All that is wanted is the line with "1.通過二苯并呋喃和硼酸三異丙酯合成4-二苯并呋喃硼酸" and each line after it to the end of the data below, set down exactly and without pictures.

▶ _RECORDED DATA_
# # #
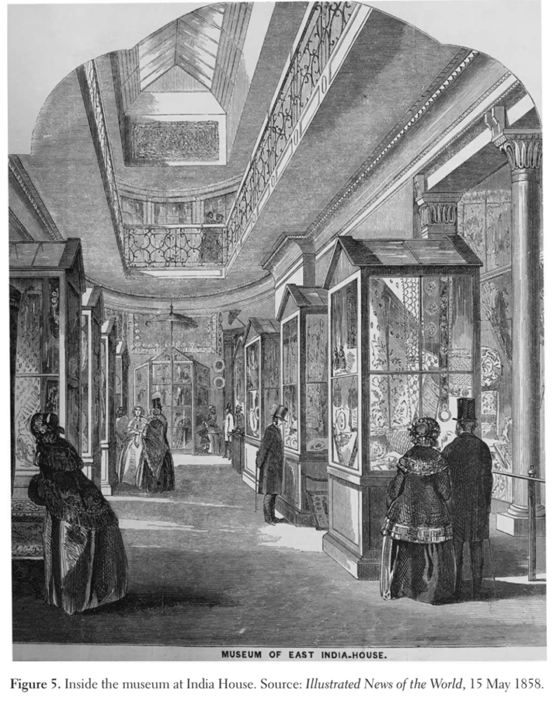 ইস্ট ইন্ডিয়া কোম্পানির জাদুঘর, গ্রন্থাগারের যাত্রা শুরু হয় ১৮০১-তে। কোম্পানির চরিত্রের মতোই এই জাদুঘর-গ্রন্থাগার কিন্তু কর্পোরেট আর রাষ্ট্রের মিলিজুলি সরকারি-বেসরকারি সম্পত্তি হিসেবে গণ্য হয়েছে, পরিচালিতও হয়েছে। অর্থ এসেছে ভারতে আদায় করা রাজস্ব উদ্বৃত্ত থেকে। কোম্পানির এই জাদুঘর-গ্রন্থাগার এমন এক সরকারের সম্পত্তি ছিল, যে সরকার চালাত শেয়ারহোল্ডাররা। জাদুঘর কোম্পানির নামে পরিচালিত হলেও, জনগণ একে ব্রিটেনের অন্যতম প্রধান পাবলিক জাদুঘর মানত। আনুষ্ঠানিক নাম অনারেবল ইস্ট ইন্ডিয়া কোম্পানি মিউজিয়াম, জনলব্জে ইন্ডিয়া মিউজিয়াম। আঠের শতের মাঝামাঝি এই জাদুঘর-গ্রন্থাগার সমগ্র ইউরোপিয় গবেষকের কাছে এশিয়ার বিস্তৃততম তথ্য সংগ্রহের আকর হয়ে ওঠে। ব্রিটিশ মিউজিয়ামের মতো, কোম্পানির মিউজিয়ামও লন্ডনে ঘুরতে আসা ভ্রমণ পিয়াসীদের অন্যতম গন্তব্য হয়ে উঠবে। এর প্রদর্শন বিশ্বজোড়া প্রদর্শনীতে অংশ নিয়েছে। তবে এগুলো ব্যবহার করা হয়েছে জ্ঞান উৎপাদনের উপকরণ হিসেবে। ১৮৫৮-তে ইস্ট ইন্ডিয়া কোম্পানি উঠে গেলে এবং কোম্পানির শাসন অঞ্চল সরাসরি ক্রাউন শাসনের অধীনে এলে, জাদুঘরের বিপুল সংগ্রহ হোয়াইটহলে চলে যায়। ১৮৭০-এর দশকের শেষের দিকে পুনর্গঠিত ইন্ডিয়া মিউজিয়ামকে ভেঙে ছড়িয়ে দেওয়া হবে ব্রিটিশ মিউজিয়াম, কিউ গার্ডেন, সাউথ কেনসিংটনের নতুন জাতীয় জাদুঘর কমপ্লেক্সে।
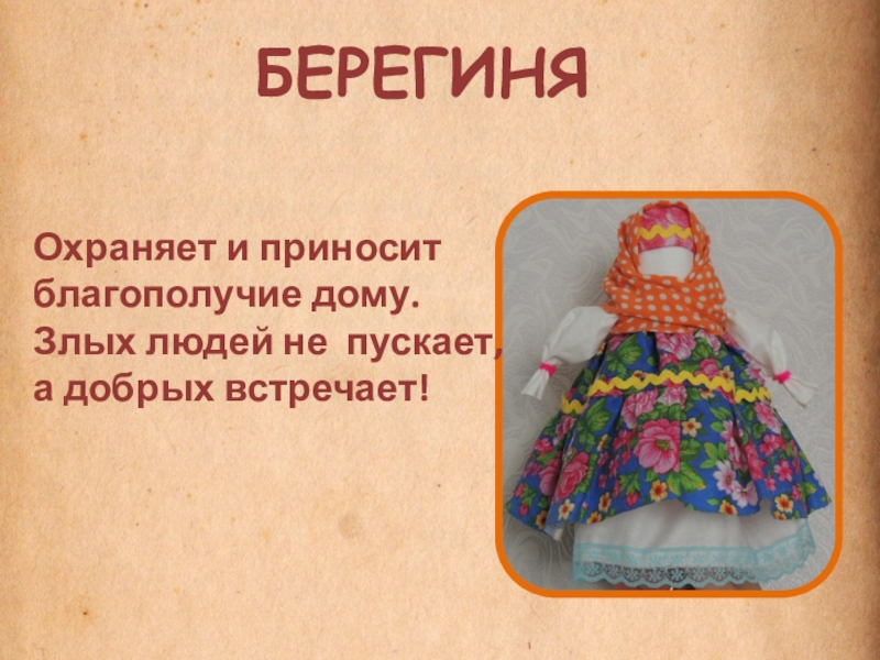 БЕРЕГИНЯОхраняет и приносит благополучие дому. Злых людей не пускает, а добрых встречает!
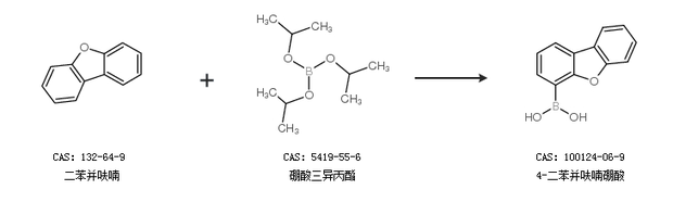 1.通過二苯并呋喃和硼酸三異丙酯合成4-二苯并呋喃硼酸
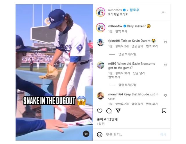 다저스팬들은 더그아웃에 등장한 뱀이 행운을 가져다주길 바랐다. 2차전에서 3-7로 패한 다저스는 17일 뉴욕 시티 필드에서 CS 3차전을 치른다.
# # #
▶ _WRITTEN ANSWER_
 1.通過二苯并呋喃和硼酸三異丙酯合成4-二苯并呋喃硼酸
 다저스팬들은 더그아웃에 등장한 뱀이 행운을 가져다주길 바랐다. 2차전에서 3-7로 패한 다저스는 17일 뉴욕 시티 필드에서 CS 3차전을 치른다.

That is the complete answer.